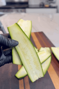 Using a mandoline or sharp knife, slice the zucchini lengthwise into thin strips. Place them on a paper towel and pat dry thoroughly to reduce moisture — this helps get that crispy finish.
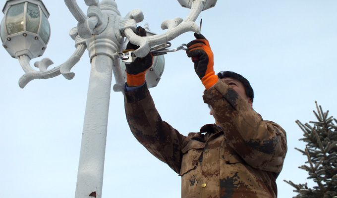 下午,物业部门员工对墓区内各路灯进行统一擦拭、检修,为元旦做准备。
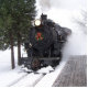 Sumpter Valley Railroad No. 19 Mikado steams voorbij het depotplatform.
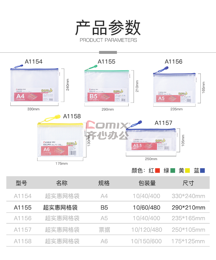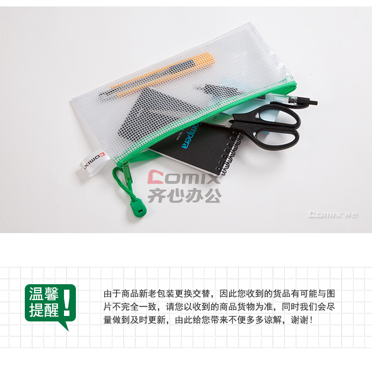 商品名称:齐心 A1155 B5 网格拉链文件袋 配 单位:个
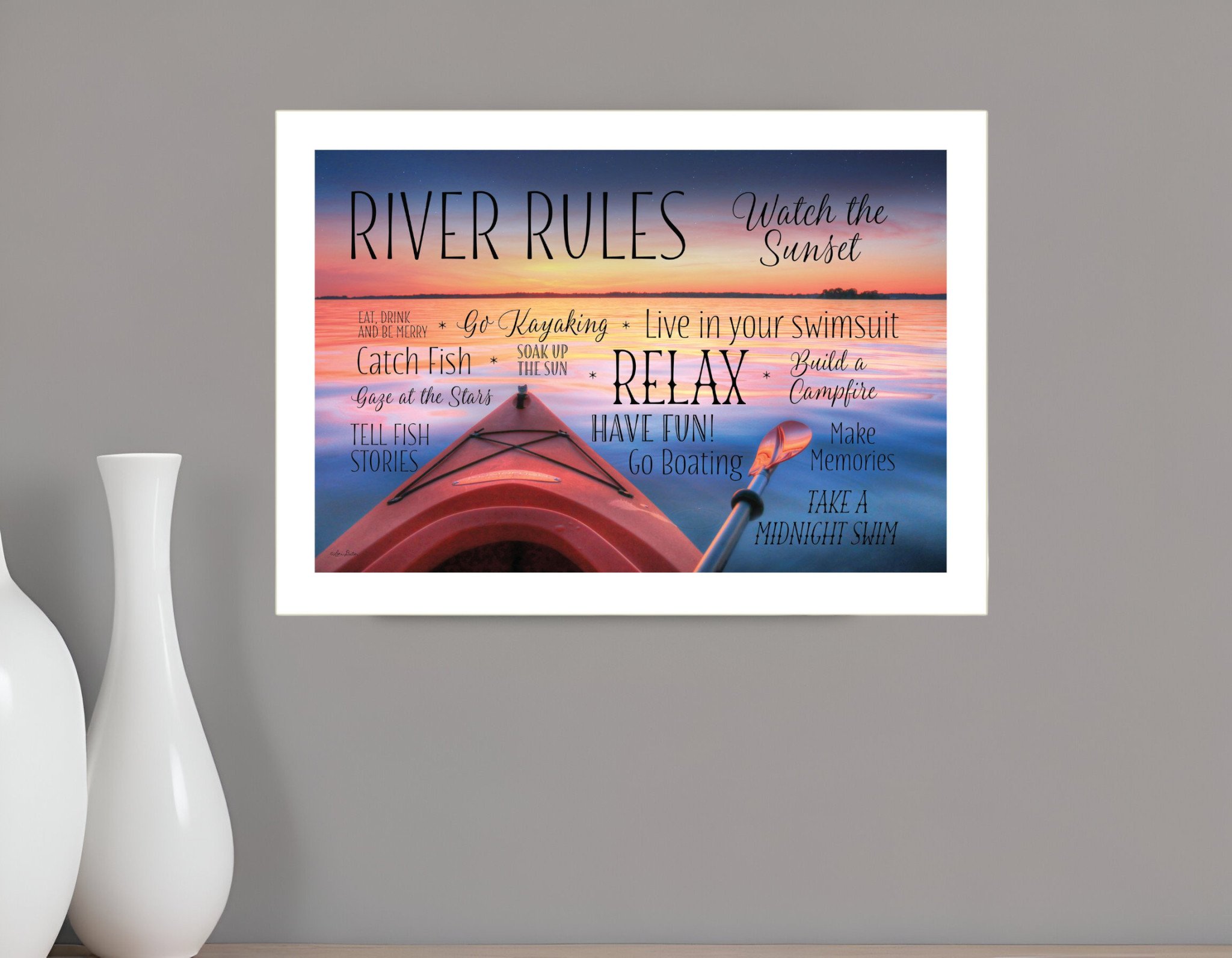 This river rules 2 white framed print wall art will add a beautiful decorative accent to your decor. This print is a visual artistic expression that allows you to decorate your space in style. Reproduced for you on paper, this hanging decorative accent will be a trendy and fashionable way to dress your walls. Hang on your wall to add some up to date fashion and decoration. Instantly liven up your space with this art that brings color and dimension to your walls. 14-inch H x 20-inch W x 1-inch D

## Exercise
Starting at the first line of the material, output exactly the lines up to and including the one with "商品名称:齐心 A1155 B5 网格拉链文件袋 配 单位:个". Do not include the pictures.

## Answer to this problem
 Using a mandoline or sharp knife, slice the zucchini lengthwise into thin strips. Place them on a paper towel and pat dry thoroughly to reduce moisture — this helps get that crispy finish.
 下午,物业部门员工对墓区内各路灯进行统一擦拭、检修,为元旦做准备。
 Sumpter Valley Railroad No. 19 Mikado steams voorbij het depotplatform.
 商品名称:齐心 A1155 B5 网格拉链文件袋 配 单位:个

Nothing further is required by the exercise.